Salut Fyre, salut Vitezz. Les Français ont découvert votre chanson sur Kylian Mbappé, mais avant ça, ils ne vous connaissaient pas. Faisons un rapide tour de présentation !
Fyre : On est des jeunes artistes de Bulgarie, et on est en train de découvrir le succès et la hype. En ce moment, pour nous, c'est un peu le sommet de la vague, et on arrive pour conquérir le monde ! (Rires.)
Vitezz : On vient de Sofia. On habite dans le sud de la ville, pas loin du parc NDK, et on a tous les deux 22 ans.

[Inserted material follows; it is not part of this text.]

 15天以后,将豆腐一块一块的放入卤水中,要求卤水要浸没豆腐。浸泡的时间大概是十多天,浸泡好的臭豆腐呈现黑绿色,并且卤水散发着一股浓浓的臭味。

Ça fait combien de temps que vous rappez ?
Fyre : Depuis environ quatre ans. J'ai commencé à rapper en sortant du lycée.
Vitezz : Moi, je produisais plutôt de la house music. On s'est rencontrés au lycée, et on est vite devenus meilleurs amis. On a plusieurs centres d'intérêt communs, on a le même sens de l'humour. Quand il a commencé à faire du rap, je me suis mis à produire de la house, et quelques années plus tard, on a commencé à faire de la musique ensemble.
Fyre : Il faisait ses sons dans son coin, et je lui disais : « Il faut que tu me fasses un beat trap ! » Il me répondait qu'il ne savait pas comment faire, mais j'insistais. « Allez, allez, tu peux le faire. » Et un jour il m'a envoyé un beat, j'ai enregistré dessus, et on a commencé à faire de la musique ensemble.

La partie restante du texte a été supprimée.